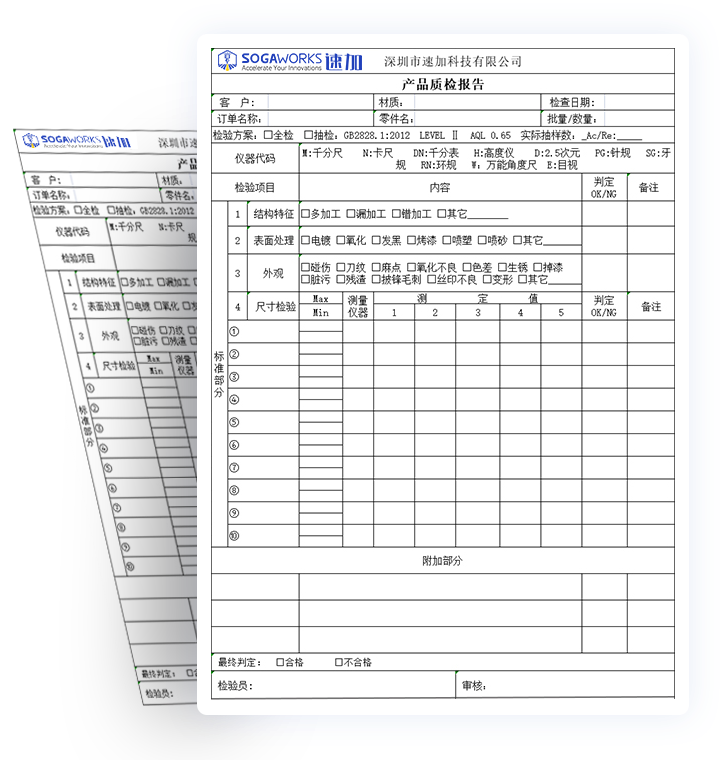 速加設有專業(yè)質檢團隊,確保零件品質;對加工完的零件,發(fā)貨前進行100%全檢。確保滿足您的要求。
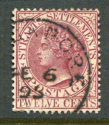 Malaysia – Strait Settlements: 1894 wmk Crown CA 12c. claret struck by part Singapore datestamp. Sg. 102
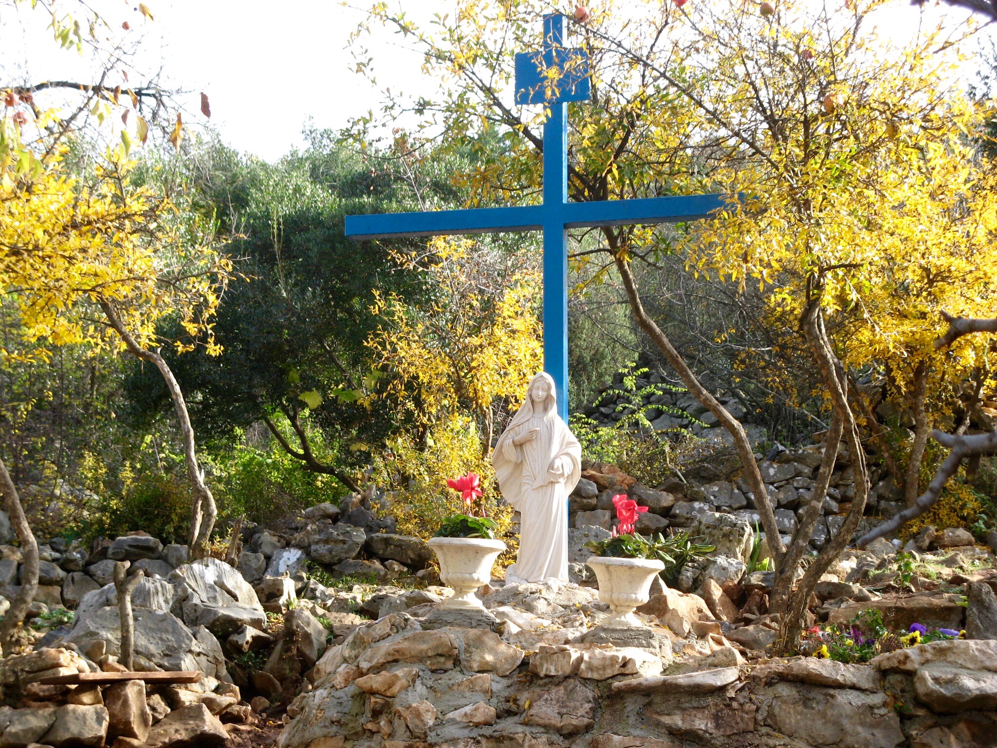 Behind the statue is a crucifix, where others kneel on the rocks.
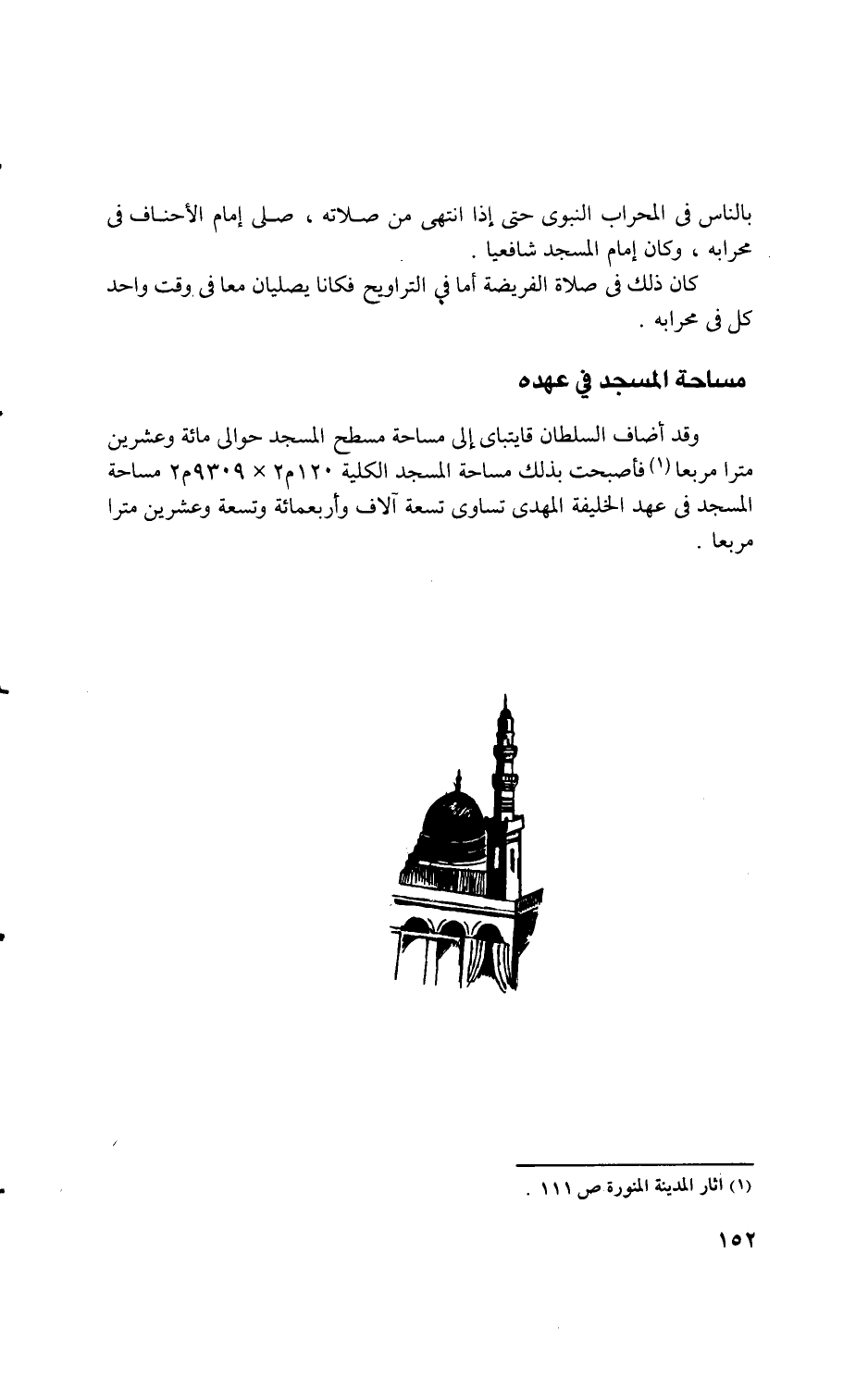 ... وقد أضاف السلطان قايتباى إلى مساحة مسطح المسجد حوالى مائة وعشرين مترا مربعا (1) فأصبحت بذلك مساحة المسجد الكلية 120م2 × 9309م2 مساحة المسجد في عهد الخليفة المهدى تسعة آلاف وأربعمائة وتسعة وعشرين مترا مربعا.
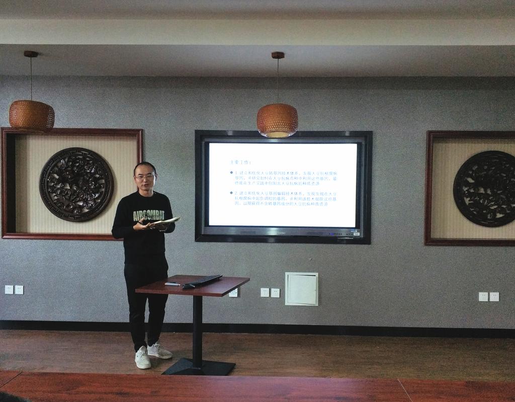 段凯旋介绍了自己研究内容“植物转基因及其应用”,介绍了自己如何结合植物转基因改良作物抗病性的研究目标,整合团队和自身优势,依托团队制订未来长期的研究方向。

◆ ◆ ◆ ◆ ◆

→ **TASK PROMPT**
Without the pictures, return all the entries above exactly as they stand.

→ **SOLVED EXERCISE**
 速加設有專業(yè)質檢團隊,確保零件品質;對加工完的零件,發(fā)貨前進行100%全檢。確保滿足您的要求。
 Malaysia – Strait Settlements: 1894 wmk Crown CA 12c. claret struck by part Singapore datestamp. Sg. 102
 Behind the statue is a crucifix, where others kneel on the rocks.
 ... وقد أضاف السلطان قايتباى إلى مساحة مسطح المسجد حوالى مائة وعشرين مترا مربعا (1) فأصبحت بذلك مساحة المسجد الكلية 120م2 × 9309م2 مساحة المسجد في عهد الخليفة المهدى تسعة آلاف وأربعمائة وتسعة وعشرين مترا مربعا.
 段凯旋介绍了自己研究内容“植物转基因及其应用”,介绍了自己如何结合植物转基因改良作物抗病性的研究目标,整合团队和自身优势,依托团队制订未来长期的研究方向。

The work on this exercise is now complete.